Magnesium oxide fine particles dispersed in a monohydric alcohol having 3 to 5 carbon atoms in the range of 0.05 to 20% by mass, and the D _{50 of the} magnesium oxide fine particles measured by the dynamic light scattering method is 5 Magnesium oxide fine particle dispersion for forming a dielectric layer protective film of an AC type plasma display panel in a range of ˜100 nm. D ₅₀ of the magnesium oxide particles measured by dynamic light scattering method is in the range of 5 to 20 nm, the magnesium oxide particle dispersion according to claim 1 D ₁₀ / D ₉₀ is 0.4 or more.
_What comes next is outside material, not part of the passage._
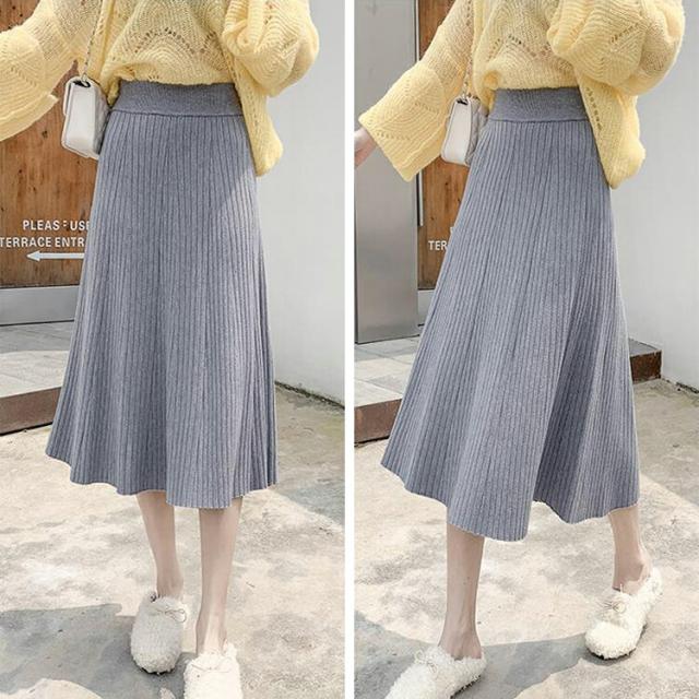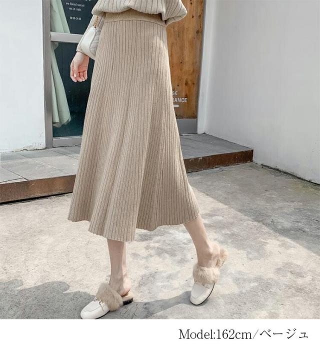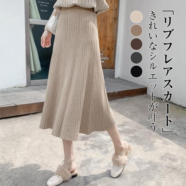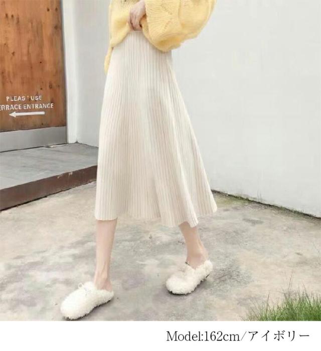ニットスカート プリーツ スカート レディース 秋 冬 ニットスカート プリーツスカー ト ロングスカート フレアスカート ボトムス ロング丈 ウエストゴム Aライン 大人可愛い 美脚 大きいサイズ

D ₅₀ of the magnesium oxide particles measured by dynamic light scattering method is in the range of 45～90Nm, magnesium oxide fine particle dispersion according to claim 1 D ₁₀ / D ₉₀ is 0.1 or more.   2. An AC plasma display panel in which a magnesium oxide film formed from the magnesium oxide fine particle dispersion according to claim 1 is laminated on a dielectric layer.   A method for producing a protective film for a dielectric layer of an alternating current plasma display panel, comprising applying the magnesium oxide fine particle dispersion according to claim 1 onto a dielectric layer of a plasma display panel and drying the coating.